Many times we make decisions and never consider the repercussions of consequences. We believe that our decisions are our own but that is really the furthest thing from the truth. Decisions have results that spread out like ripples in a pond. Have you ever a thrown a rock into a pond? It creates hundreds of ripples. So too, decisions can have hundreds of consequences. Many decisions made in haste in my younger days have returned to me as ripples of consequences that cannot be undone. Today I was hit with a tidal wave of a ripple and my heart was broken. Oh how I wish I could have known those decisions carry such a heavy weight and they usually happen when I least expect them. No amount of "good living" or repentance removes those consquences and no amount of preparedness makes the blow any less painful. But I am consoled when I read the Word and see how the Lord redeems those who have blown it and even when I suffer heavy consequences, He will be there to bless me again.

We look at the lives of people in the Bible, like David and Moses and wonder how they could make such poor decisions and yet the Lord redeems them. David chose adultery with a woman who was not innocent of sin, and then the two of them conspired to murder her husband. Their consequences were to suffer the loss of a child as a result. But the Lord didn't leave them in the devastation of their consequences.

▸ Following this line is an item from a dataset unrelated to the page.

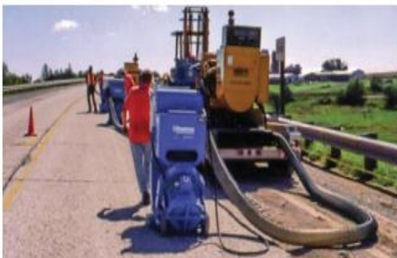
Figure 15 Existing concrete pavement in 1994 prior to overlay placement, with a shotblasted in operation and some spot spalling evident at the centreline joint

We read that David fasted for three days when his child was dying but when he died then David washed and ate. We wonder why he would fast during the child's sickness but then seem to be okay when the child died. David understood that he couldn't change God's mind about consequences but he could intreat God in the hope that he would extend more mercy. When he knew the child died, he understood that not all consequences can be undone, a price has to be paid. But God did redeem David and loved David, and he did turn around and bless them with a second child, who would become a wise king, that child was Solomon.

Moses murdered an Egyptian and later God would use him to lead His people out of Egypt. (Exodus 2:12-14) He then spent 40 years leading those rebellious people through the wilderness but under the pressure of leading them he became frustrated with their rebellion, he prayed for water for the people as he had done previously and though he heard the Lord instruct him to speak to the rock and it would bring forth water, in his frustration he struck the rock instead, and in one fail swoop missed his opportunity to cross into the land that was promised them that 40 years. (Exodus 20:12) Imagine with me the remorse he must have felt from one wrong choice. The Lord later appeared in the promised land, with Moses and another prophet (during what is called the transfiguration) before His disciples Peter, James and John. So Moses was able to see the promised land before he died but was in it with the Lord during the transfiguation. (Mark 9:2-8)

I pray today that I would always to call upon the Lord first, to wait for His answers and trust Him with every decision, remembering that this too will affect others and will create ripples of consequence. I pray that the results of my choices would create consequences that bless and not bring pain.

It is so important to allow God to reveal His will for us as He has already seen the beginning from the end.

It was just a joke...

Well, I was the recipent of a really bad "joke" today and while some may have just been trying to get a reaction it left me feeling incredibly vunerable. I am all for a good joke or teasing, usually, as I grew up in a home that was submerged in that kind of thing but today showed me that what I may think is funny, may in fact cause a great deal of pain in someone else. I pray I remember today when the urge comes over me to play a joke on someone or even just try to fake something. My heart couldn't distinguish the difference and the intender probably didn't antipate the large scale reaction they received as a result. Lord help my words heal and not hurt, may they uplift and not tear down, may they be said in kindness and humility, thinking of others instead of myself. Forgive me for times I may have hurt someone when I was "just joking".